Нимфетка – это не просто подрастающая нимфа. Ее определение у Набокова не имеет ничего общего с классическим. В возрастных пределах между девятью и четырнадцатью годами встречаются девочки, которые для некоторых очарованных странников, вдвое или много старше них, обнаруживают истинную свою сущность – сущность не человеческую, а нимфическую (то есть демонскую); и этих маленьких избранниц я предлагаю именовать так: нимфетки.

Итак, нимфетки водятся не в реках, деревьях или в пламени, и даже не на теннисных кортах, а на невесомом острове завороженного времени, образованном некой аберрацией зрения – вдвое или более старшего, чем встречное. Тут вопрос приспособления хрусталика, вопрос некоторого расстояния, которое внутренний глаз с приятным волнением превозмогает, и вопрос некоторого контраста, который разум постигает с судорогой порочной услады. В мире нимфеток сам зачарованный странник не более чем часть светотени.

Стоит напомнить хотя бы один пассаж, раскрывающий строение “острова завороженного времени”. “Как-то раз совершенная красотка в шотландской юбочке с грохотом поставила тяжеловооруженную ногу подле меня на скамейку, дабы окунуть в меня свои голые руки и затянуть ремень роликового конька – и я растворился в солнечных пятнах, заменяя книжкой фиговый лист, между тем как ее русые локоны падали ей на поцарапанное колено, и древесная тень, которую я с нею делил, пульсировала и таяла на ее икре, сиявшей так близко от моей хамелеоновой щеки” [Подчеркнуто мной. – В. Ш.]. Кто в этой хамелеоновой системе сияний, оттенков и теней выполняет (предписанные мифологией) маневры привидений? “Совершенная красотка” – это сама тяжеловооруженная реальность, и лишь часть ее светотени, в какой затаился наблюдатель, заключает растерянного фавна.


Ловить бабочек в этом мире, – это, строго говоря, ловить собственные миражи. Существует ли предмет более эфемерный? Но коль скоро ловитва случается (все время Федора Константиновича уходило на ловлю существ, мелькавших в нем как на заре в мифологической роще), то по истечении сорока ее лет позволительно спросить: а что же уловлено?

Спрашивается, что за субстанцию мы получим, “вынося за скобки” все привходящие моменты ловитвы и добираясь до ее – нет, не механической или химической начинки, вожделенной лишь для науки, а до того нежного ядра личного чувства, ради пульсации коего этот опыт бесконечно воспроизводился? Как выглядит чистая “ноуменальная” бабочка в плазме жизненного мира? Не смахивает ли раздетая редукцией бабочка на одетую для вечности Лолиту?
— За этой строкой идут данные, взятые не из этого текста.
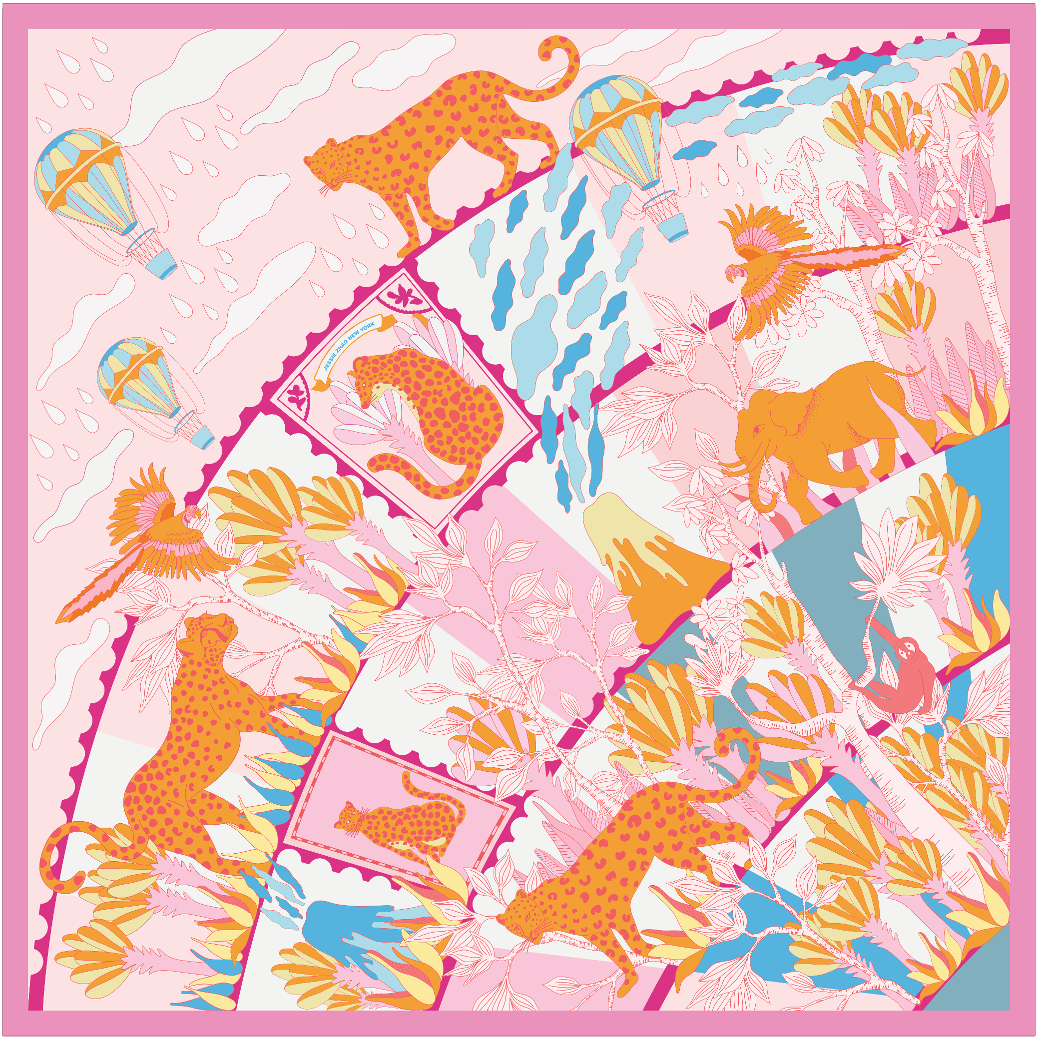 35"x35". This is a world made with different simple shapes and colors. Inspired by the puzzle. All different simple shapes reconstruct a beautiful world. Original hand painted. 100% Silk.

Что значит вообще – выразить опыт бабочки?

В терминах Набокова это значит – избавиться от него, отвязаться от таинственной и тревожной красоты бабочек, не оставаться наедине с отверстыми очами их пристальных крыльев, ужалить ею читателя, призвать к соучастию. А для того – запечатлеть свой опыт в материи, отличной от психики автора. Воззвав при этом к опыту не самой бабочки, потому как у читателя он заведомо более бледен, а к чему-то жизненно более ему близкому, но эйдетически сродному. Встревожив в сознании сограждан реальность, в природе обозначенную бабочками, но сущую не только за городом. Обратившись, в частности, к опыту эротических фантазмов читателя, заведомо запретных.

Опыт бабочки в текстах Набокова отразился появлением юных существ женского рода, наделенных бытием, эйдетически родственным бытию этих прелестных насекомых – наделенных как их очарованием, так и интеллектом.

Коллизия нимфетки открывает возможность развернуть в сюжет слитный опыт эстетического “ожога”. Как выглядят обычные отношения охотника с бабочками? Выследить, схватить, умертвить, расправить, предъявить ценителю – вот операционная схема, к какой сводятся тысячи ловчих приключений. Итог каждого – закрепить на дощечках как-то откровенно-беззащитно-изящно распахнутую красоту. Откровение становится мумией. Но можно ли приколоть к дощечке все богатство и разнообразие сопутствующих охоте впечатлений? Тысячекратное воспроизведение опыта не приближает его к завершенности, не спасает от дурной бесконечности, как и многократное предъявление читателю. В нем нет сюжета даже для небольшого охотничьего рассказа. В отличие от увлекательности извечных рассказов об охотнике, очарованном девичьей прелестью. Преступном охотнике.

Влечение к бабочкам, строго говоря, вполне безотчетно. Его не обосновать нуждами ни искусства, ни науки, ни какой иной разумной практики. Оно так же безотчетно, как влечение к нимфеткам. Как сказано у Набокова о притягательности прекрасного ландшафта – влечение, правда которого заключена уже в его силе. Так отчего же оно становится преступным?

А мог ли Набоков вовсе не ощущать вины перед тысячами загубленных им бабочек?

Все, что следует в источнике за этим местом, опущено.